Easy Sleeper couches “Dream Prison” in an energetically delicate melodies. The jangly/twee guitar sounds work together in a fascinating way in which the rhythm line of the guitar is intertwined with the lead in mutually supportive dynamics allowing the vocals to shine across the whole song while leaving the space in the last third of the song for the bass to accent the fiery and warping twin guitar solos. The interplay throughout the song is subtle but evocative and even though the lyrics seem like a gentle but serious declaration of personal liberation beginning with freeing one’s own psyche of the thoughts and internalized narratives that keep you from living as full a life as you can the structure and emotional coloring of the song makes that process seem easily attainable. The lead vocals are Andy Partridge-esque and the music reminiscent of Nonsuch period XTC while resonating with the style of current jangle shoegazers like Moodlighting, DIIV and Letting Up Despite Great Faults. Listen to “Dream Prison” on YouTube and follow Easy Sleeper at the links below.

Easy Sleeper on TikTok

Easy Sleeper on Instagram

Queen City Sounds Podcast S2E13: ABANDONS

ABANDONS, photo by Tom Murphy

ABANDONS is an experimental rock trio from Denver comprised of guitarist Brenton Dwyer, bassist Nate Colbert and drummer Sam Mowat. The group met through Craigslist ads and coalesced to start writing their first instrumental tracks in 2019 before looking to play shows. It was an odd time in the Denver underground scene with not as robust an infrastructure for bands not playing fairly established styles of music to perform for a potential audience as there had been in years past and then of course the 2020 pandemic hit.
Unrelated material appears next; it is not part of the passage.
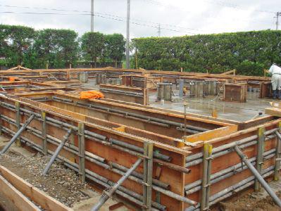 先週、ベタ基礎の打設が終わり立上りの型枠が組まれました。

During the long period when no responsible person that wasn’t desperate wasn’t playing shows ABANDONS recorded a live EP at Mutiny Information Café on August 29, 2020. The recording is the group’s sole available release on Bandcamp and the entire performance was released on YouTube. ABANDONS hadn’t played many shows in general before 2022 due to the obvious restrictions but the band quickly found like-minded artists in the local post-rock and art rock community such as exists in the current phase of the Denver music scene. Projects like New Standards Men, Brother Saturn, Only Echoes, Moon Pussy and Almanac Man are some of the peers, none of which sound remotely alike, with whom ABANDONS has found some kinship. Its own mostly instrumental, music rooted in improvisation is cinematic, takes strands of post-rock structure, noise rock intensity and its own flavor or vibrantly emotional soundscape-y compositions.